Jessica Perry//September 28, 2011
President Barack Obama‘s embrace of higher income tax rates has some business experts worried about the effect on entrepreneurship.
In addition to signaling a willingness to let George W. Bush-era tax cuts expire, Obama has also warmly embraced billionaire investor Warren Buffett‘s proposal to hike income taxes on individuals making more than $1 million a year.
“Certain investors might think twice if their at-risk capital was taxed at a higher rate,” said Ken Kanter, tax practice managing director at J.H. Cohn LLP. The Roseland-based CPA firm issued a tax briefing on the president’s plans Tuesday.
“If the Bush-era tax cuts sunset and taxes increase (on business owners and other individuals making more than $200,000 a year), those dollars would be taken directly out of their pockets, and would mean there’s less money available to invest back in their business,” Kanter said.
Buffett pays capital gains taxes that generally max out at 15 percent, but “our members pay income taxes at a 35 percent top rate,” said Laurie Ehlbeck, New Jersey state director for the National Federation of Independent Business. “Obama wants to address this disparity by raising income tax rates back to 39 percent.

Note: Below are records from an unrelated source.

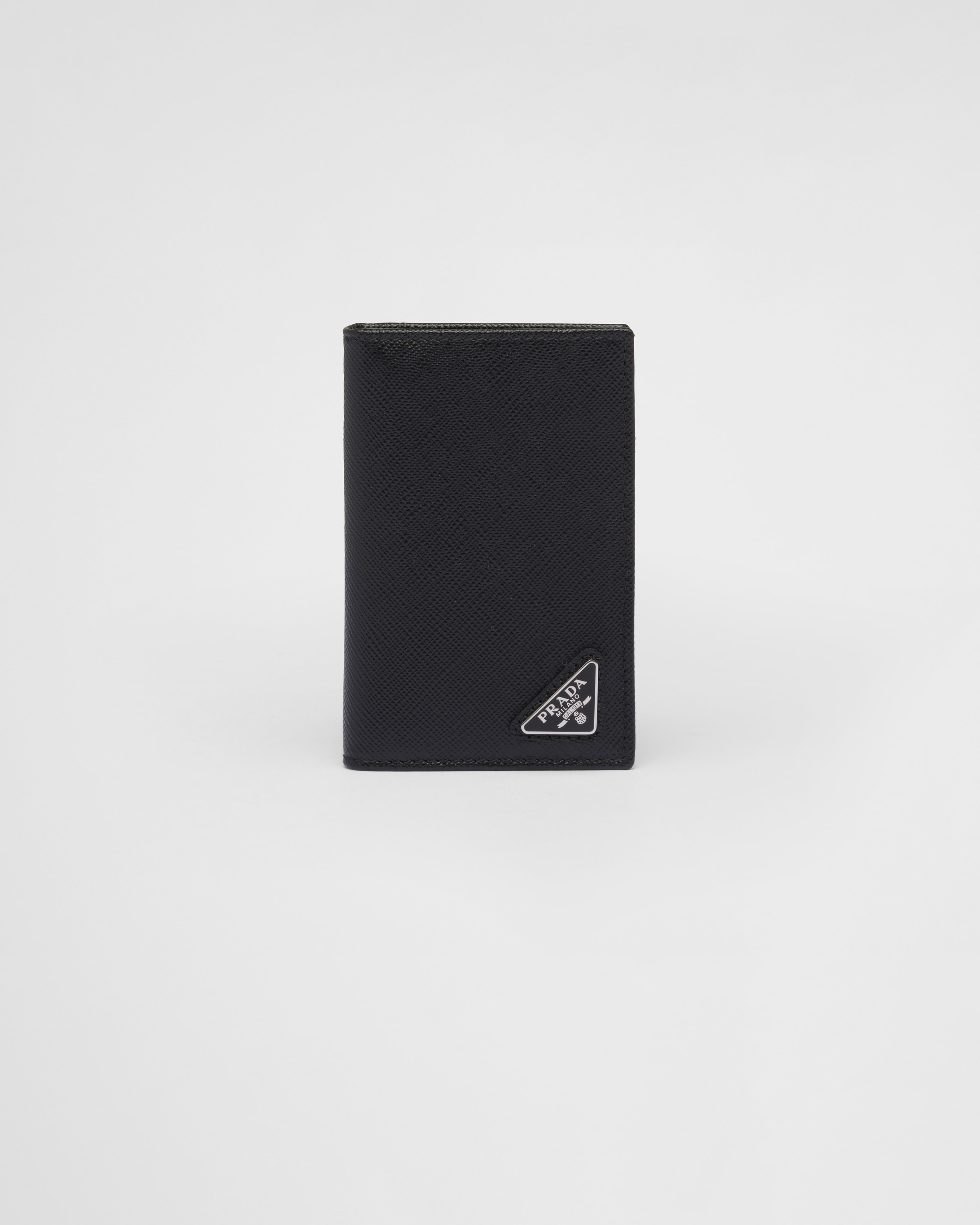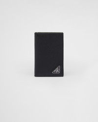 A monotone Saffiano leather credit card holder with triangular Prada logo in the corner. Inside contains six credit card slots, two pockets and a heat-embossed Prada logo. - Product code: 2MC101_QHH_F0002 - Enameled metal triangle logo - Six card slots - Moire and Saffiano leather lining - Imported Height: 11cm Width: 7cm MATERIALS Main material: Calfskin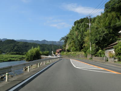 | 22.引き続き三隈川沿いを走る | 23.対岸に見えるのはR210の虹峠洞門 | 24.杷木山集落 |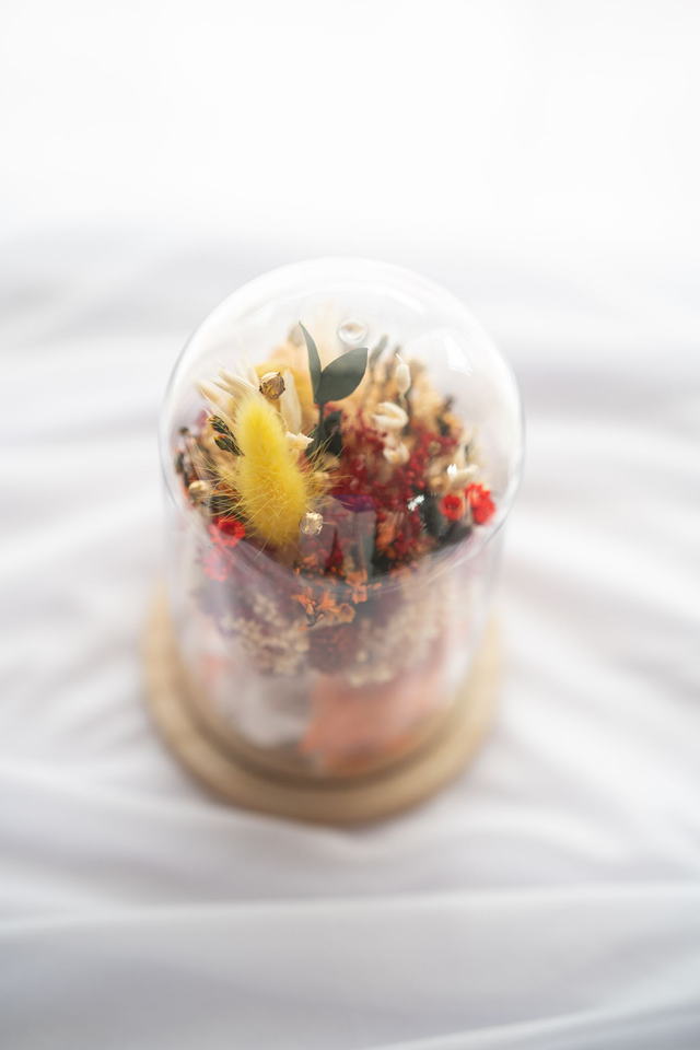 Élégante composition d’intérieur de 19 cm de hauteur et 10 cm de diamètre (contenant et fleurs compris). Réalisée avec des fleurs stabilisées et séchées, cette création sous cloche conserve sa beauté pendant plusieurs années sans aucun entretien et protège délicatement les fleurs de la poussière pour un éclat durable.

Obviously, that will hurt our members, because they pay income taxes, and it won’t hurt Buffett, because he doesn’t pay income taxes, he pays capital gains.”
New Jersey Business & Industry Association President Philip Kirschner also was critical of Obama’s tax plans.
“The president is prodding business owners to create more jobs, but he’s poking them in the eye with these proposals,” Kirschner said. “They make no sense, and will only serve to lessen the confidence that business owners need to take risks and to create more jobs. Buffett may be the oracle of Omaha when it comes to investing, but in this instance, he is totally wrong.”